After Treasury Secretary Hank Paulson spent weeks patting himself on the back after the Congressional Budget Office projected last month that the fiscal 2007 deficit will likely fall below $160 billion, it is a wonder that he still had enough strength to sign his recent letter to congressional leaders encouraging them to pass legislation raising the debt ceiling before Oct. 1. On that day, which coincidentally marks the beginning of the new fiscal year, Treasury estimates that the government will hit the current debt ceiling of $8.965 trillion. Unless the debt ceiling is raised, the government would be unable to pay interest on existing bonds and notes and borrow additional funds.

The House approved an increase in the debt ceiling in May, and last month the Senate Finance Committee approved raising the ceiling by $855 billion to $9.82 trillion. The full Senate must now act.

In August 1997, Congress raised the debt ceiling by $450 billion, from $5.5 trillion to $5.95 trillion. When George W. Bush entered the White House on Jan. 20, 2001, the national debt stood at $5.728 trillion. It took the government about five years (the last three-and-a-half years of the Clinton administration and the first one-and-a-half years of the Bush administration) to increase the national debt by the $450 billion approved in August 1997. Since June 2002, the debt limit has been raised four times for a cumulative total of more than $2.5 trillion. Thus over roughly the same time span of about five years, the national debt will have increased more than five times as fast (July 2002-September 2007) as it increased during the previous five-year period (August 1997-June 2002).

Between the time Mr. Bush entered office and the present, his administration has increased the national debt by $3.25 trillion, or more than 55 percent. The fact that he now needs Congress to pass legislation giving the government the authority to issue another $855 billion in additional debt confirms that his administration will almost certainly cumulatively raise the national debt by more than $4 trillion over eight years.

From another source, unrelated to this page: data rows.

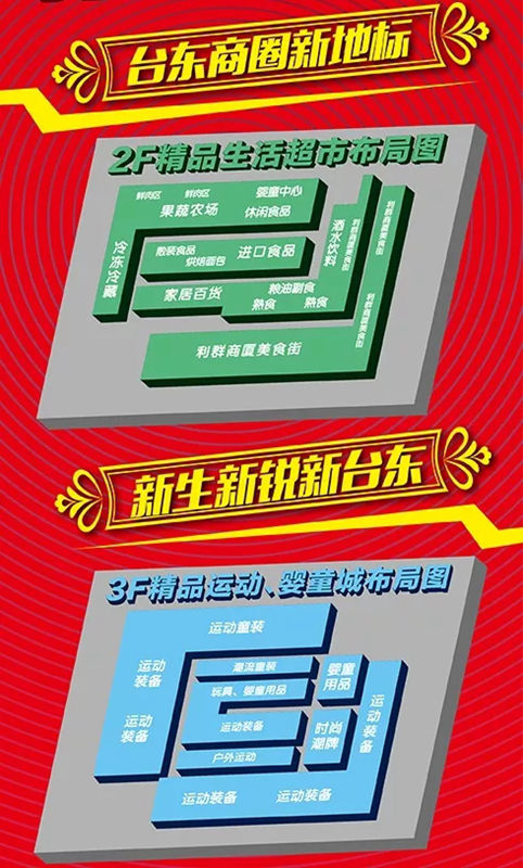 新店通过景观连廊与利群商厦相连,除版图面积的扩张,在超市布局、超市货品、消费体验等方面进行了全面的规划升级,精品生活超市以琳琅满目的进囗食品生鲜、全球各地的精品名酒、直达餐桌的新鲜果蔬为特色,引领台东商圈新风尚。
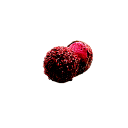 Mörk chokladpralin med vit chokladfyllning och svartvinbär. Rullad i torkad svartvinbär som ger kraftig smak (laktos).
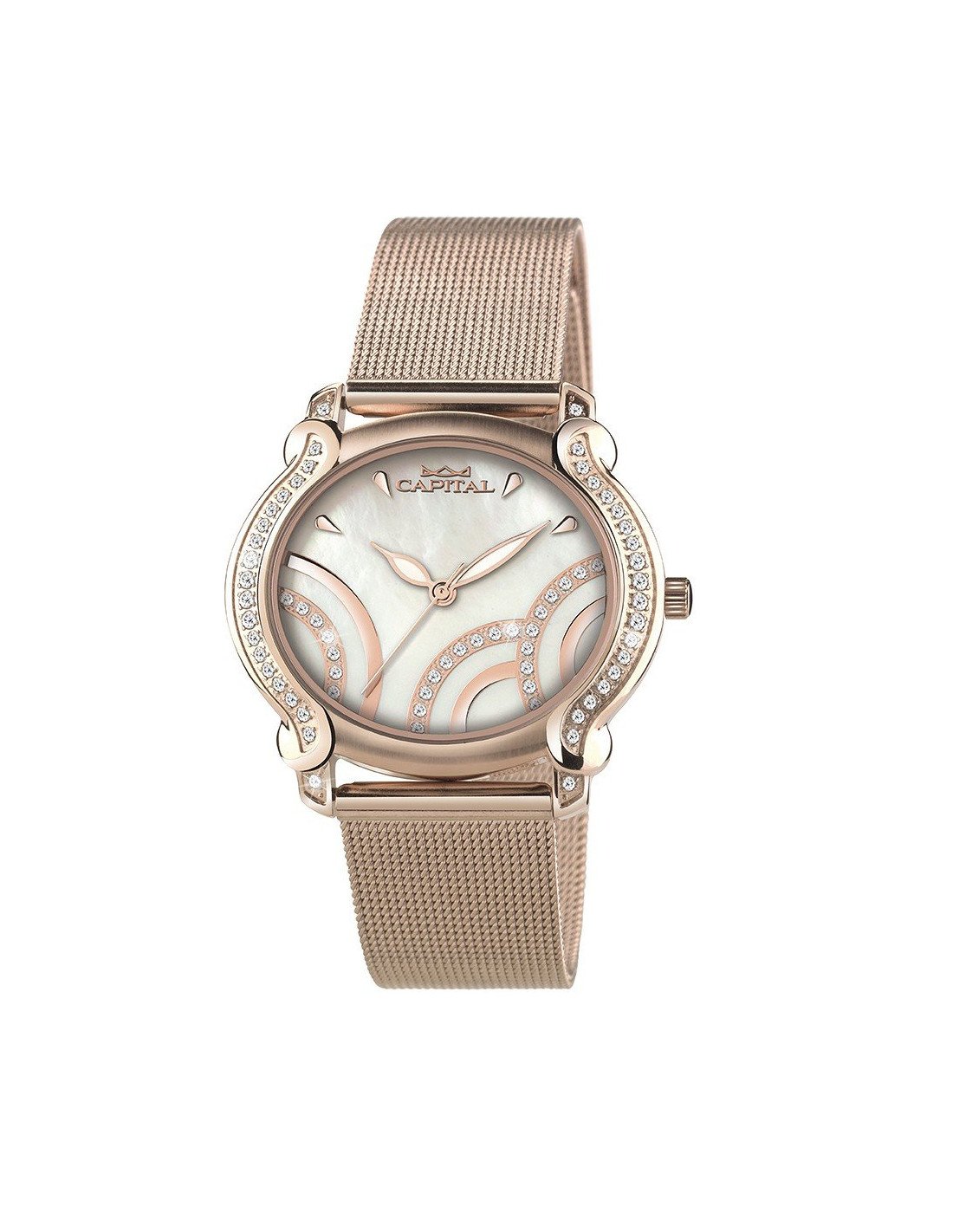 Cassa in acciaio di forma ovale con pietre e placcatura IP Gold Rose

The annual budget deficit in recent fiscal years has totaled $318 billion (2005), $248 billion (2006) and a projected $158 billion (2007), which add up to $724 billion. However, over the same three-year period, the national debt will have increased by more than $1.6 trillion, which is nearly $900 billion above the three-year sum of the budget deficits. It's fairly obvious which road the Bush administration and Congress must now take. The sign points to belt tightening.